Desired state reconciliation: The swarm manager node constantly monitors the cluster state and reconciles any differences between the actual state your expressed desired state. For example, if you set up a service to run 10 replicas of a container, and a worker machine hosting two of those replicas crashes, the manager will create two new replicas to replace the ones that crashed. The swarm manager assigns the new replicas to workers that are running and available.
Multi-host networking: You can specify an overlay network for your services. The swarm manager automatically assigns addresses to the containers on the overlay network when it initializes or updates the application.
Service discovery: Swarm manager nodes assign each service in the swarm a unique DNS name and load balances running containers. You can query every container running in the swarm through a DNS server embedded in the swarm.
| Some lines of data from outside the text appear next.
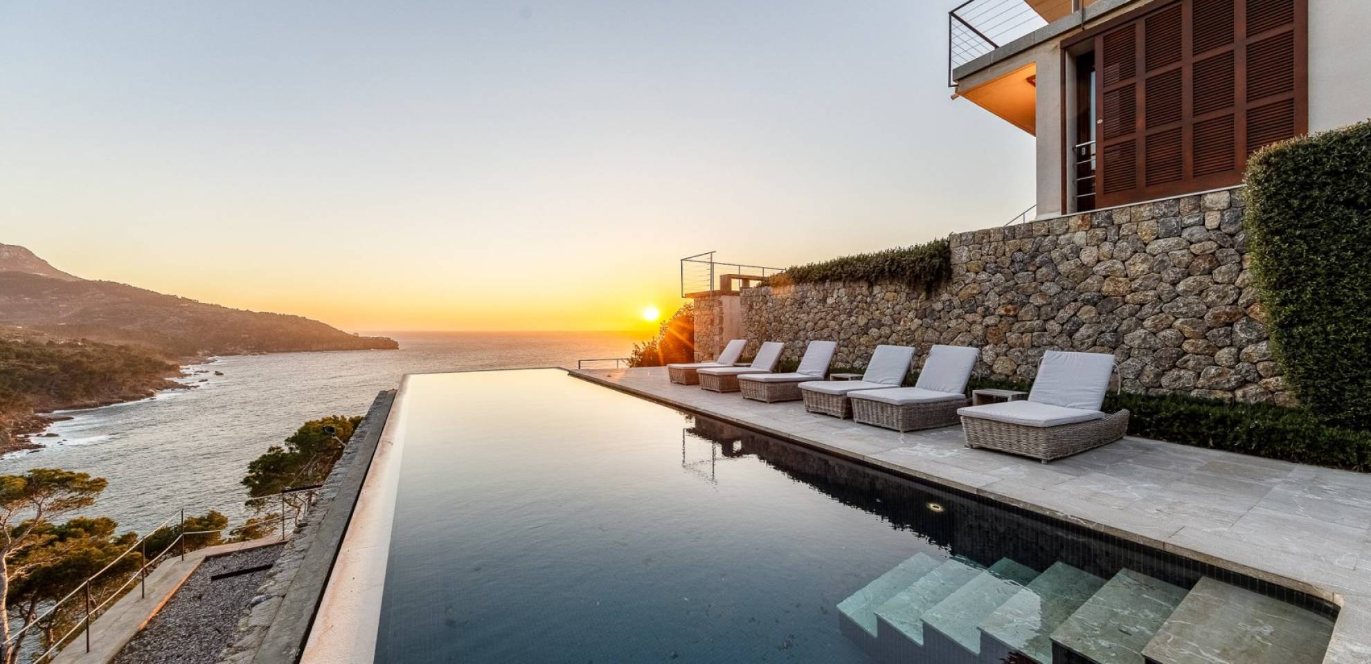 Vista Costera Mallorca è una villa di lusso in affitto con 4 camere da letto e piscina privata. Tra la montagna e il mare questo è uno spazio davvero unico per rilassarsi e isolarsi dal brusio. Dispone di 350 m2 interni, più 2.000 m2 di terreno con fantastiche terrazze e una lunga ed elegante piscina a sfioro, che vantano tutte le più incredibili viste sul mare e sulle montagne dalla sua posizione privilegiata su una scogliera sul mare.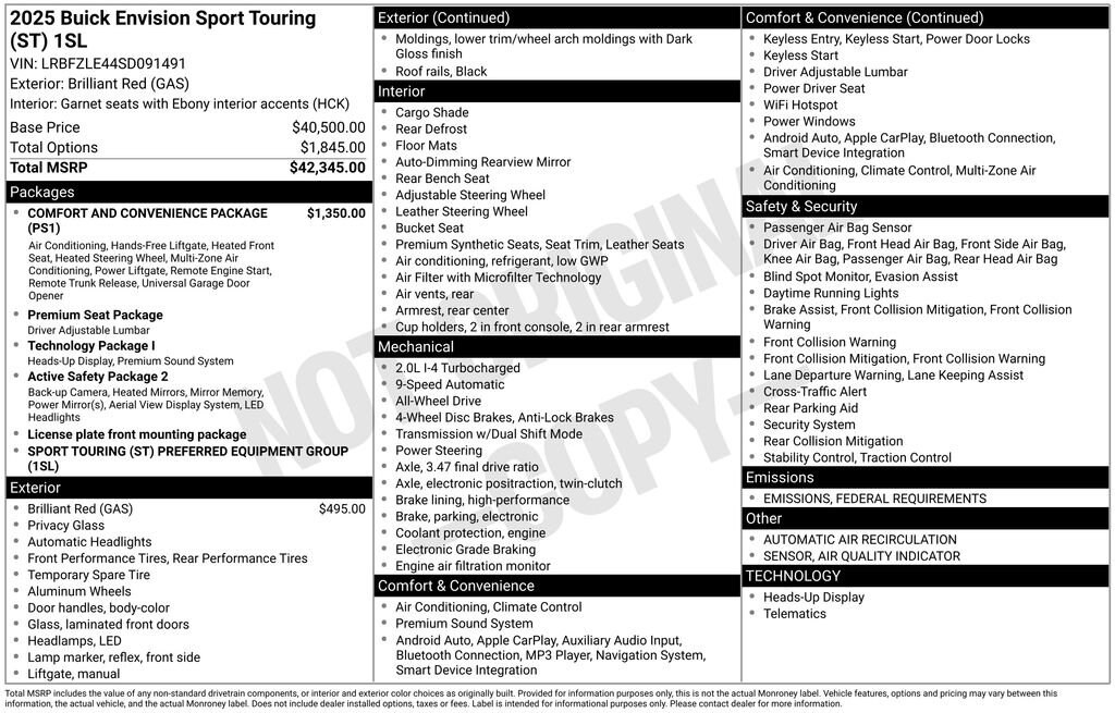 Brilliant Red 2025 Buick Envision Sport Touring AWD 9-Speed Automatic 2.0L Turbocharged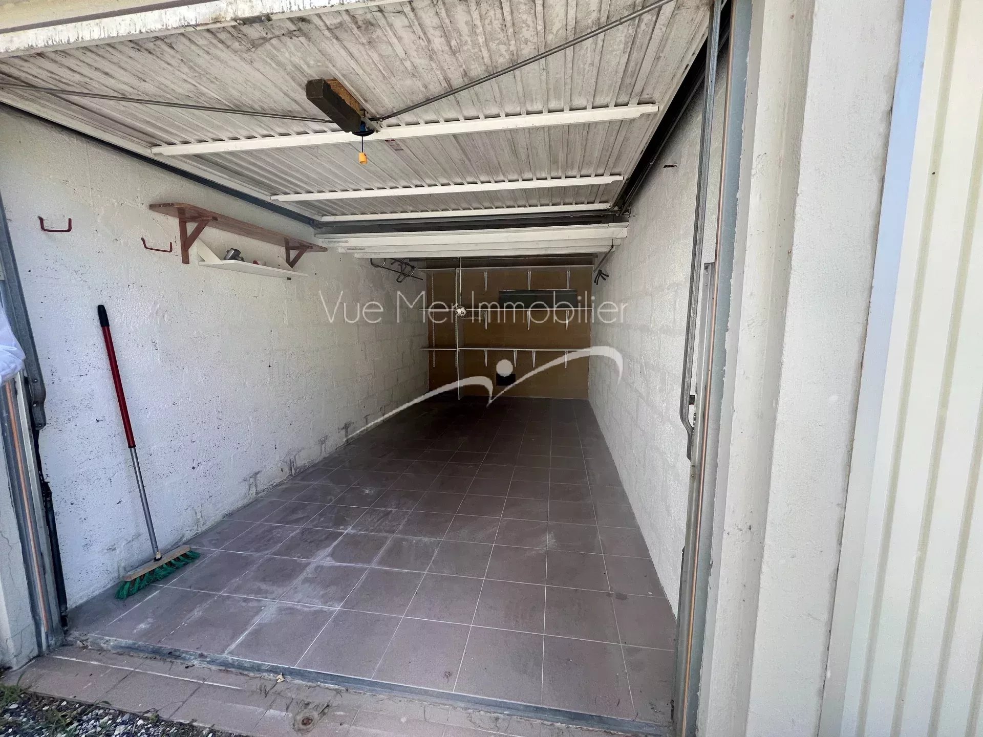 Garage carrelé d’une surface de 13,39 m² (2,61m x 5,13m).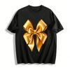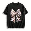 Women's Slight Stretch Classic T-Shirt Color Block Text with Polka Dot Bow Tee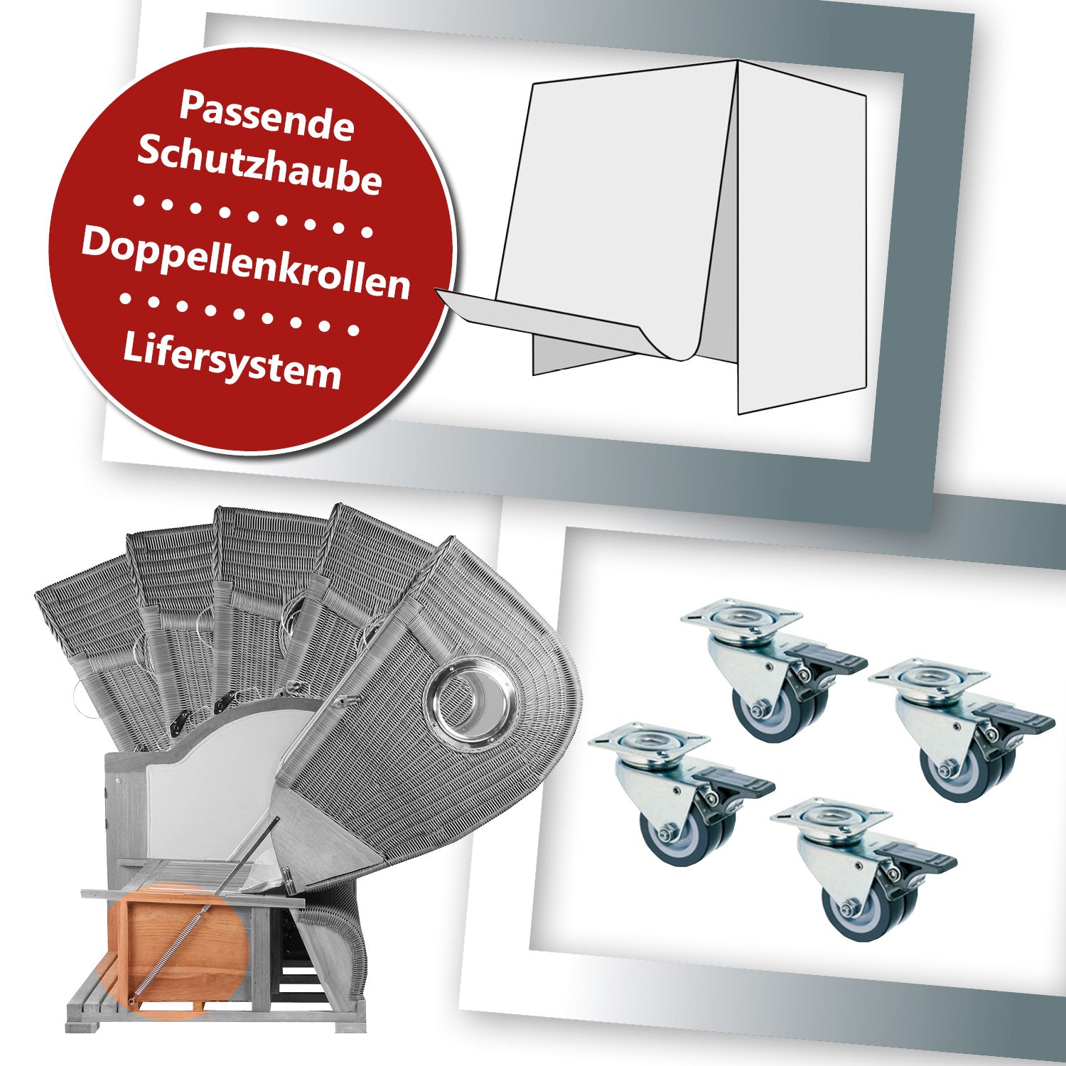 Strandkorb DÜNE, Design 01424 grau gestreift – inkl. gratis Feuerschale
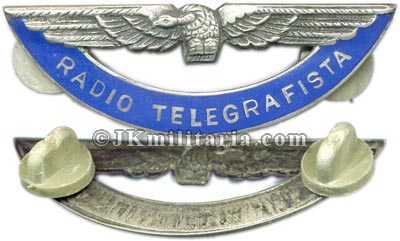 Chile, Radiotelegraphist wings. Silver with enamel. Marked "Casa Leiva, San Diego 19-STGO." Two metal posts, plastic screw-on fasteners. Hollow back. 63 mm wide.Item # Avi-207 (22) |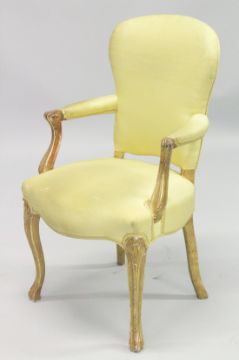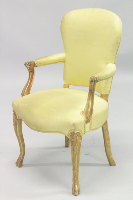 A PAIR OF FRENCH HEPPLEWHITE GILDED ARMCHAIRS with yellow padded backs and seats.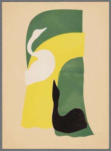 Twee afbeeldingen. Kaft: Twee gestileerde zwanen in wit en zwart tegen groene en gele vlakken. Tweede blad: geel en groene abstracte vorm met titel.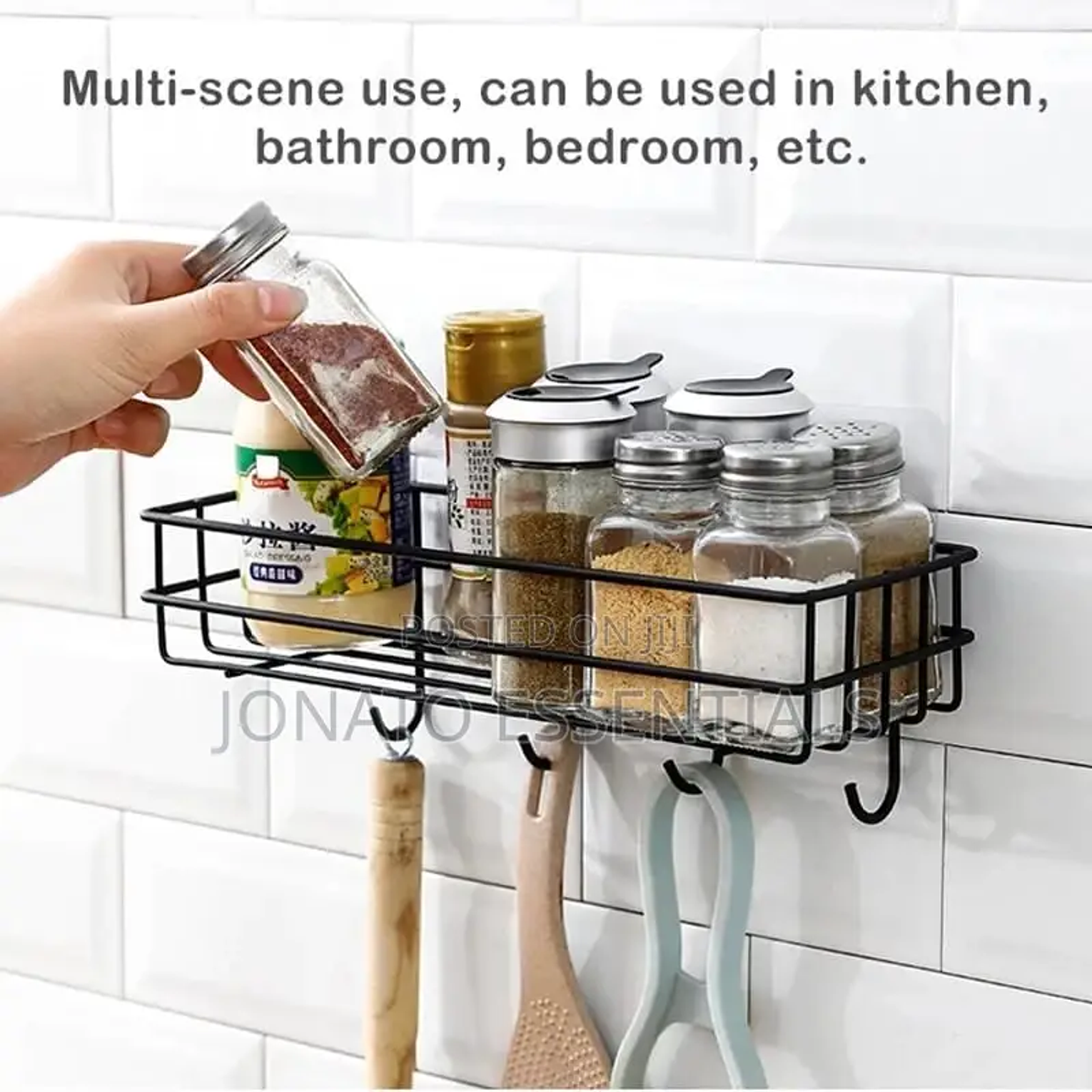 Wall mounted bathroom or kitchen organizer with hooks punch free storage rack /organizer type :wall mounted floating metallic shelf with hooks for more holding capacity uses : used in the kitchen as a seasoning storage rack bathroom non perforated organizer to hold shampoo ,face towel , shower gel etc size :28 by 10.5 by 9 cm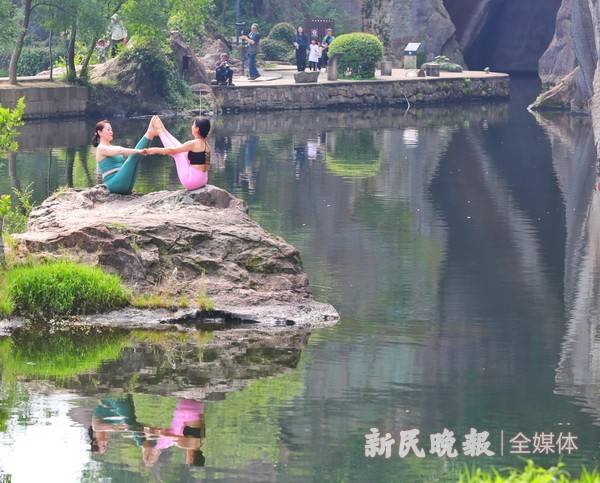 图为瑜伽爱好者进行“‘瑜”你相聚东湖”活动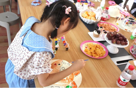 The first part of the activity is afternoon tea for children. Looking at a plate of delicate and delicious fruits and cakes, the children's eyes can not move, can not help but eat, gluttonous look, it is interesting. The site group also distributed straw hats, brushes, and pigments to the children. Under the company and guidance of mom and dad, the children gave full play to their imagination and waved happily on the straw hats with their small hands. Such a picture is really warm and beautiful. This? On top? Should colorful straw hats be at this time children? The most beautiful pattern in the world.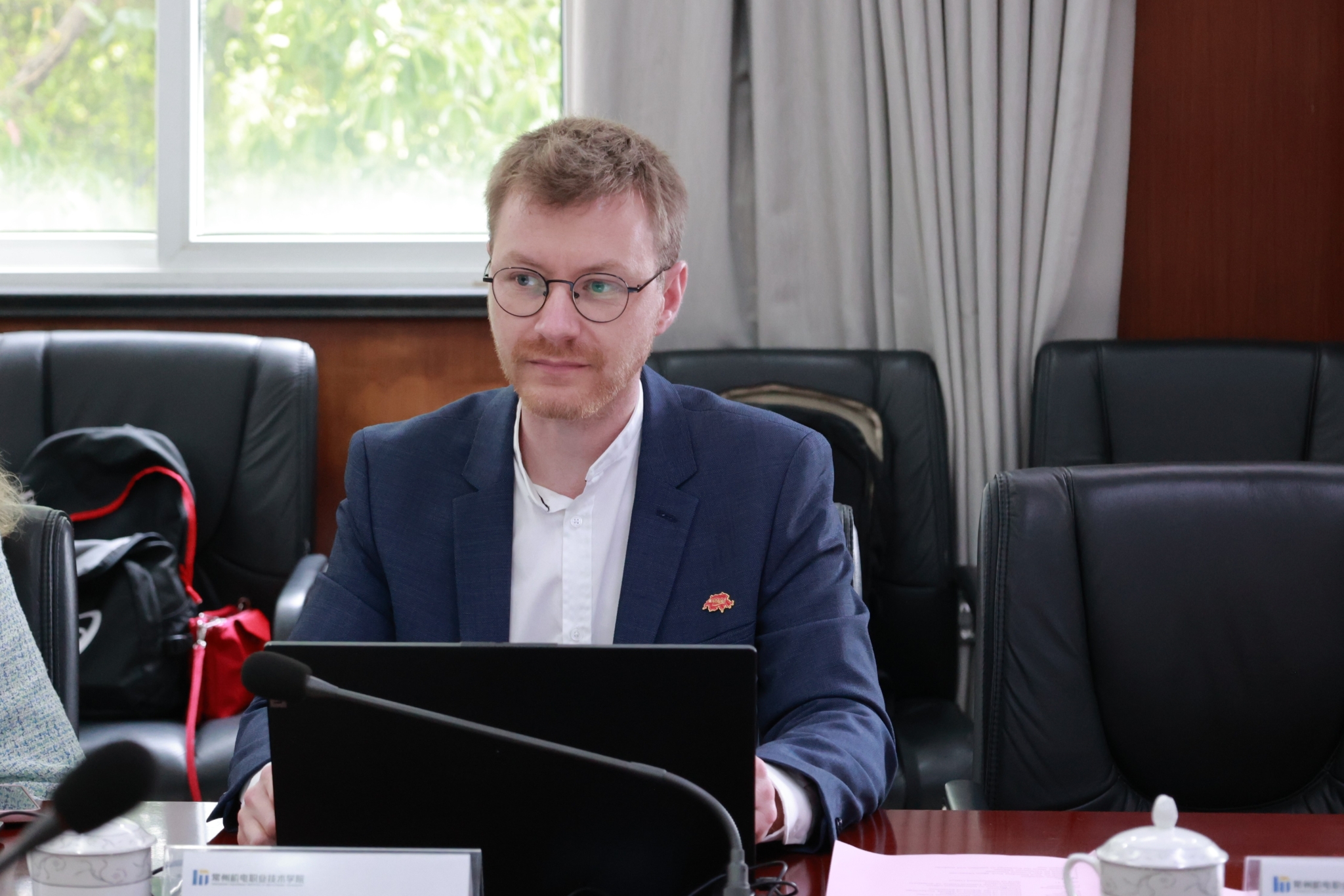 周庆元代表学校对瑞士嘉宾表示热烈欢迎。他简要介绍了常州经济社会发展的蓬勃态势,以及我校以工科见长的办学特色,并特别提及中瑞(常州)国际产业创新园的合作潜力。他指出,去年中瑞两国共同庆祝建交75周年,各领域交流合作成果丰硕;今年3月,教育部部长怀进鹏访问瑞士并会晤联邦主席帕姆兰,进一步增强了学校与瑞士职业教育深化合作的信心。

Load balancing: You can expose the ports for services to an external load balancer. Internally, the swarm lets you specify how to distribute service containers between nodes.
Secure by default: Each node in the swarm enforces TLS mutual authentication and encryption to secure communications between itself and all other nodes. You have the option to use self-signed root certificates or certificates from a custom root CA.
Rolling updates: At rollout time you can apply service updates to nodes incrementally. The swarm manager lets you control the delay between service deployment to different sets of nodes. If anything goes wrong, you can roll-back a task to a previous version of the service.
What is Consul?
Consul has multiple components, but as a whole, it is a tool for discovering and configuring services in your infrastructure.
It provides several key features:
Service Discovery: Clients of Consul can provide a service, such as api or mysql, and other clients can use Consul to discover providers of a given service. Using either DNS or HTTP, applications can easily find the services they depend upon.
Health Checking: Consul clients can provide any number of health checks, either associated with a given service ("is the webserver returning 200 OK"), or with the local node ("is memory utilization below 90%"). This information can be used by an operator to monitor cluster health, and it is used by the service discovery components to route traffic away from unhealthy hosts.
Key/Value Store: Applications can make use of Consul's hierarchical key/value store for any number of purposes, including dynamic configuration, feature flagging, coordination, leader election, and more. The simple HTTP API makes it easy to use.
Multi Datacenter: Consul supports multiple datacenters out of the box. This means users of Consul do not have to worry about building additional layers of abstraction to grow to multiple regions.